Daraufhin erfolgte die Nachalarmierung der Dekon- Gruppe der FFW Geiselhöring, der UGÖEL der FFW Parkstetten, von CSA – Trägern der FFW Bogen und der CBRN – Truppe der FFW Straubing mit der Gerätewagen Gefahrgut. Messungen der FFW Geiselhöring ergaben eine hohe Chlorkonzentration am Eingang des Gebäudes, der leichte Wind verwehte dies jedoch sehr stark, so das im Umfeld nichts mehr gemessen werden konnte.
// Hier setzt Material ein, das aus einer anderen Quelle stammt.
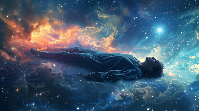 A girl in a named state of meditation, astral travel, lucid dream. Alpha, theta waves.
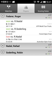 * Supports just any thinkable scoring configuration, like Grand-Slam, Davis Cup, pro-set, kids tennis, and of course, custom rules with multiple deuce and tie-break options
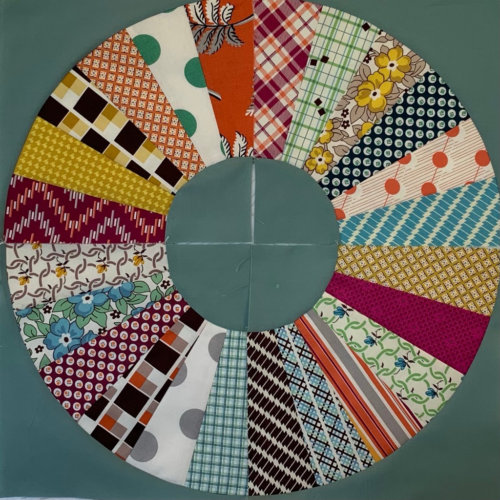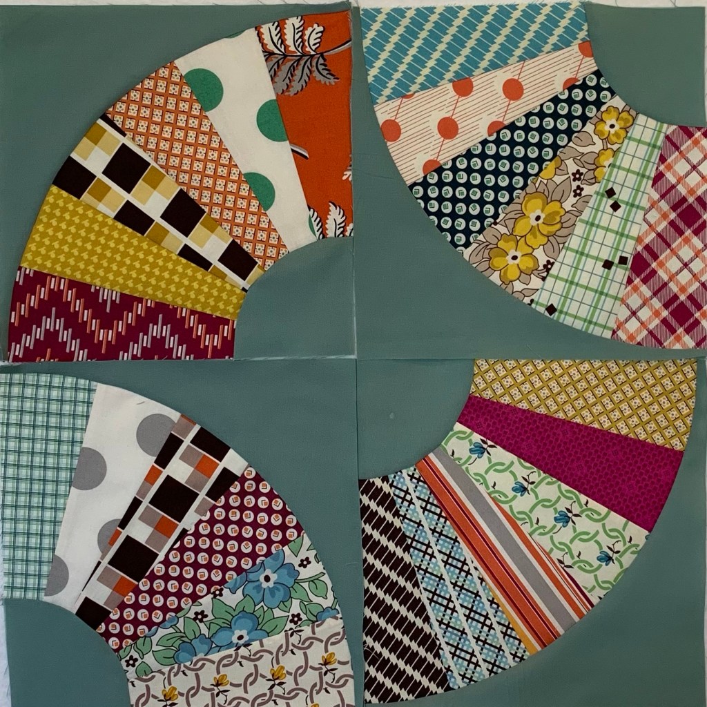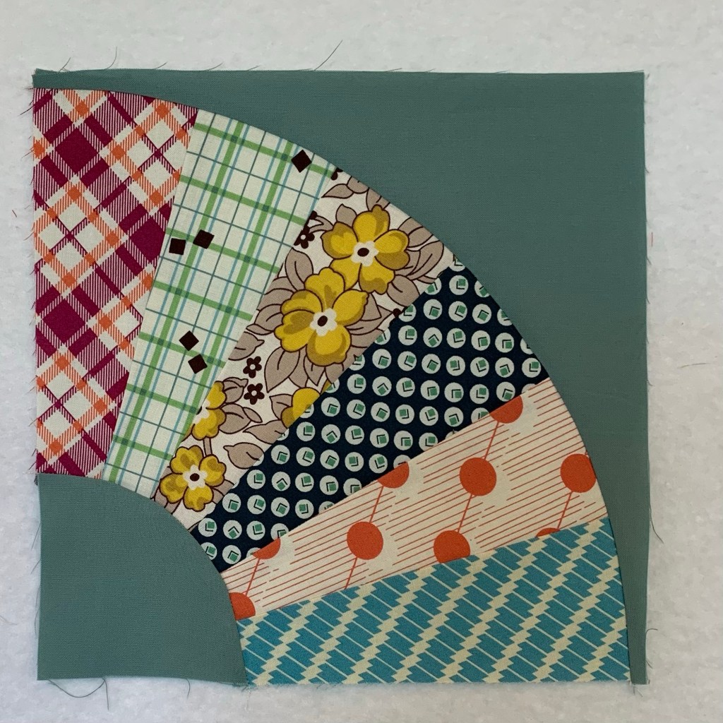 Then you add the little quarter circle piece. These photos show my first time piecing this block. See the little notches? You can pin at the notches to keep everything perfectly aligned.

In einem Umkreis von 50 m wurde abgesperrt und die Dekonstelle aufgebaut. Vier CSA Träger der FFW Straubing gingen zur Menschenrettung in den Keller vor und brachten die beiden Personen ins Freie. Dort wurden sie durch Sanitätshelfer der FFW Geiselhöring weiter versorgt.

Bei einer weiteren Erkundung im Keller stellten CSA – Träger eine korrodierte Chlorgasflasche fest und forderte den Chlorflaschenabdichtsatz an. Dieser wurde von einem weiteren CSA – Trupp gebracht und gemeinsam angelegt. Die Lagerung der abgedichteten Flasche erfolgte in einer mit Wasser gefüllten Wanne.

Um genügend Atemschutzgeräteträger vor Ort zu haben wurde noch die FFW Perkam nachalarmiert, die eine Beleuchtung aufbauten und als Rettungstrupp bereit standen.

Die CSA – Träger der FFW Bogen standen zuerst als Rettungstrupp bereit und gingen anschließend ebenfalls in den Keller um die weiteren vorgefundenen Gefahrstoffe zu kontrollieren. Glücklicherweise konnte kein weiterer Gefahrstoffaustritt festgestellt werden. Abschließende Messungen und die Belüftung des Gebäudes mit einem Elektrolüfter schlossen die Übung ab. 

Kreisbrandinspektor Werner Schmitzer zeigte in der Abschlussbesprechung einige Hinweise auf und bedankte sich bei allen 70 Teilnehmern der Übung für ihre geopferte Zeit. Kreisbrandmeister Gefahrgut Albert Uttendorfer jun. Und KBI Moritz Mannes waren ebenfalls als Beobachter tätig und bescheinigten einen ruhigen Ablauf der Übung und eine gute Zusammenarbeit der eingesetzten Feuerwehren. 

Übungen sind zum Lernen da und so konnten wir wieder einige wichtige Erfahrungen sammeln.